I think what the OP wanted to know is this: let's assume your download speeds are 12 Mbps and your upload speeds are 2 Mbps. Why would someone purchase a more expensive plan that gives them faster download speeds if the server they're downloading from still is limited to an upload of 2 Mbps?

So that they could download faster? I'm not sure why you're bringing the upload speed into it.
- Leo
20-Jun-2009
Posted by: Mike at June 19, 2009 11:23 AM

Mike -- The upload /download speed of your service has no bearing on the upload speed of your end server.

you are in effect correct though that a 12 Mbps connection against a server capable of only uploading 2Mbps is just as effective as a 20 Mbps on your side against the same server /site.

The biggest reason to upgrade service is for multitasking as the majority of servers are limited in their upload speeds.

--zig

Posted by: Ziggie at June 20, 2009 3:25 PM

I believe DAF made a car that could go as fast backwards as forwards (it used rubber belts so it had the same no of fwd/reverse gears), and the Austin Allegro had better aerodynamics backward than forward. Of course, Italian tanks go faster backwards than forwards ;-)

Posted by: JH at June 23, 2009 8:33 AM

Where the upload speed hurts the most is using a video web cam.
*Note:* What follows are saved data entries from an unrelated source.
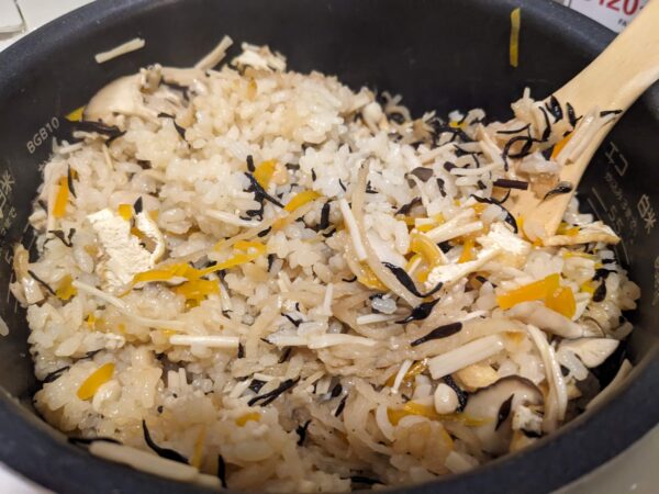 This takikomi rice is one of my favorite easy meals. All you have to do is chop the vegetables and let the rice cooker do the rest.
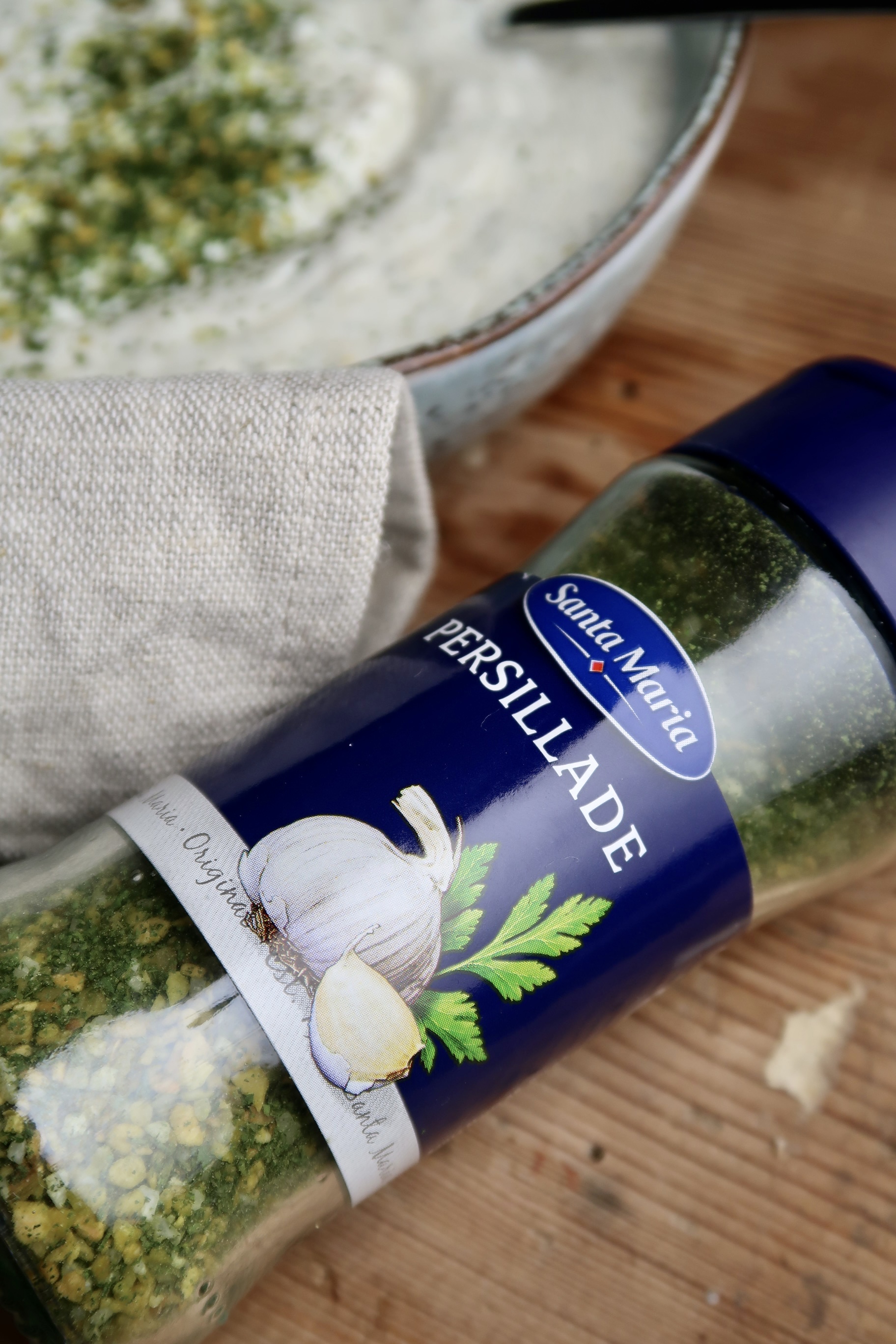 3) Såsen: Riv skalet på citronen, dela citronen sen och pressa ut saften i en skål. Ha i turkisk yoggi, rivna skalet, honung och persillade krydda. Blanda.
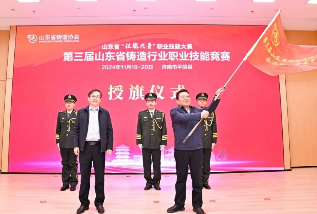 開幕式的一大亮點(diǎn)是競賽賽旗的交接儀式。由山東省國防機(jī)械電子工會(huì)主席吳興波代表本次競賽主辦單位將賽旗鄭重地交到本次競賽承辦方平陰縣人民政府副縣長丁新普代表手中,這象征著鑄造行業(yè)技能競賽的傳承與發(fā)展。賽旗的交接,不僅是一種儀式,更是一種責(zé)任的傳遞,激勵(lì)著每一屆的參與者為推動(dòng)行業(yè)進(jìn)步而努力奮斗。
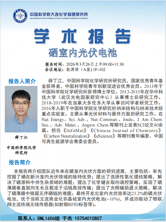 我组邀请薛丁江老师来访并做硒室内光伏电池相关报告
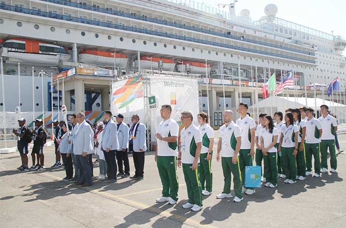 中國澳門體育代表團的升旗儀式已於7月2日下午四時在運動員村內舉行,同場進行升旗儀式的還有埃及和波扎那。運動員村副村長Hubert Porzio致詞歡迎體育代表團,並祝願運動員取得佳績。澳門特區區旗在運動員村升起,標誌著本澳正式參加本屆運動會。隨後運動員村副村長與團長潘永權互贈紀念品。

Posted by: Harry at June 23, 2009 10:42 AM

Download and upload are somehow related based on my knowledge reading over the internet. if your upload is high, your download speed slows. Server capacity is not really a problem if you want a faster download. All you have to do is to make sure that the seeder and leecher are almost the same like 50/50. There are some downloader that you have choices if you want to upload file while you are downloading it or not.

Posted by: x0x at June 23, 2009 6:30 PM

As Mike points out, the question seems to be one of "how is the remote server's upload speed affecting my download speed" and "if the remote server is bandwidth limited for its upload, doesn't that limit my download". The answer is that the remote server is likely not connected to "the internet" via the same bandwidth limited connect as your client machine is. Most servers are sitting on high bandwidth connections to the internet, often far in excess of 100Mb. Their connection speeds (up and down) are completely unrelated to your connection speeds. The net bandwidth that you have to any one server will be affected by factors which include: the server's bandwidth, the client's bandwidth, the load in all of "the pipes & switches" between the two, and even things like the distance between the two and how well tuned the software is on each of the two... its a complex equation.

One unmentioned large reason for asymetric bandwidth for many client's connections is... well... to prevent them from becoming effective servers. Your ISP can control via such knobs how much data you put on the net, and thus their costs. Likewise, the can employ technologies such as "caching proxies" to provide the client with an copy of a commonly fetched web page without even visiting the server (or just asking the server to validate the proxie's cache with a low cost transaction really ;-). Taken to the extreme, this is (in essense) the whole idea behind technologies such as Akamai's (a whole business built on this ;-).